Вот то же самое было и с нами – духовниками и особенно семинаристами. Только, к несчастью, у нас не было таких королей вокруг и не было еще своего «царя в голове» и опыта. У нас было мало еще подлинной, горячей, глубокой веры в Бога; но не хватало еще и глубины ума, чтобы понять действительную важность и чрезвычайное значение для истины Слова Божия.
Вот почему я не поверил и святому гениальному Златоусту, его искренней простоте. Но, с другой стороны, не мог я заподозрить его и во лжи, хотя бы и благонамеренной, ради «малых сих»: это не мирилось со святостью его лика и с искренностью тона. И я так и остался в раздумье, а больше не верил ему... Чего сам не переживешь, тому и в других не веришь! (все по тому же закону познания – сродству).
Я много раз замечал, как неверующие люди не верили моей искренности в вере. А я не мог понять: как было можно, например, не читать Горького и даже не интересоваться вообще литературой? И когда я от одного ученейшего богослова услышал об этом – то искренно ... пожалел его: какой он необразованный! И как многого лишается!
Все мы меряем – по себе, по своей мерке... И я – долгое еще время – продолжал оставаться при семинарской урезанной одежке: не придавал силы Писанию. Я предпочитал ему – науку, ум, доказательства...
Но постепенно, в течение, может быть, двух лет, я вырос и разобрался в совершенной искренности Златоуста и абсолютной верности его совета... Это продолжало уясняться мне и после; и теперь я сведу воедино свои опыты о Писании, точнее и лучше, – о святом Слове Божием, чтобы поделиться и с вами.

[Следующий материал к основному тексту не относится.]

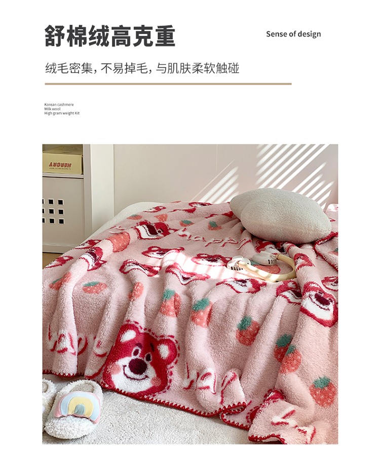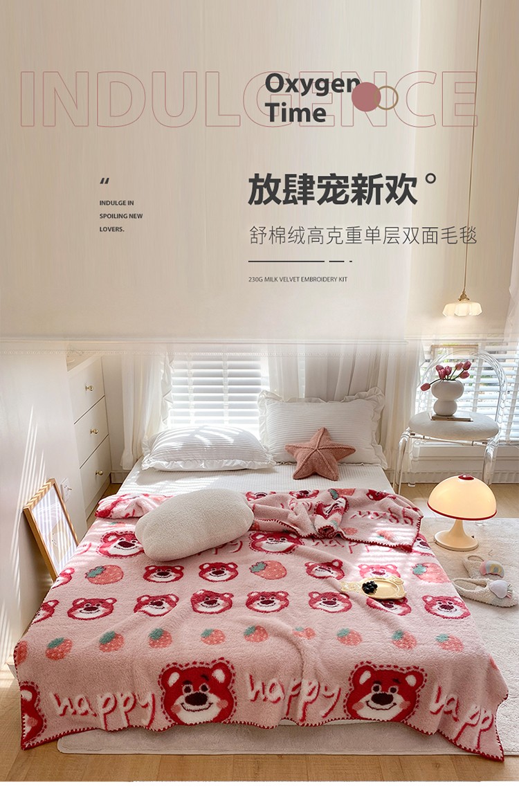 (总)眠屿 2022新款舒绒棉高克重单层双面毛毯,胡迪伙伴,开心草莓熊,玫瑰朵朵,蜜桃多多,奶油熊,苏浅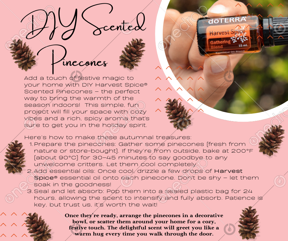 Add essential oils: Once cool, drizzle a few drops of Harvest Spice essential oil onto each pinecone. Don't be shy – let them soak in the goodness! 🌲🌿

Да, мы, семинаристы, глубочайшим образом были не правы в своем отношении к нему, как со стороны веры, так и со стороны разума. Это теперь мне очень ясно представляется и легко доказать. Со стороны веры – проще всего. Если я – верующий (а мы были верующими, только не глубоко, не живо), то для меня Библия есть Слово Божие, т. е. через него говорит Сам Бог, Дух Божий. «Все Писание богодухновенно» (2Тим. 3, 16). Так как же я могу не принимать его? Как могу сомневаться? Как могу еще ему искать в чем-либо низшем опору? – Совершенно очевидная нелепость! Так почему же мы не видели ее тогда? Потому что недостаточно веровали, слабо веровали, не живо веровали... Вера была по преданию больше... А еще и потому, что были вот заражены чрез меру школьной верой в ум, – как и все интеллигенты этого периода (XIX века, особенно второй его половины).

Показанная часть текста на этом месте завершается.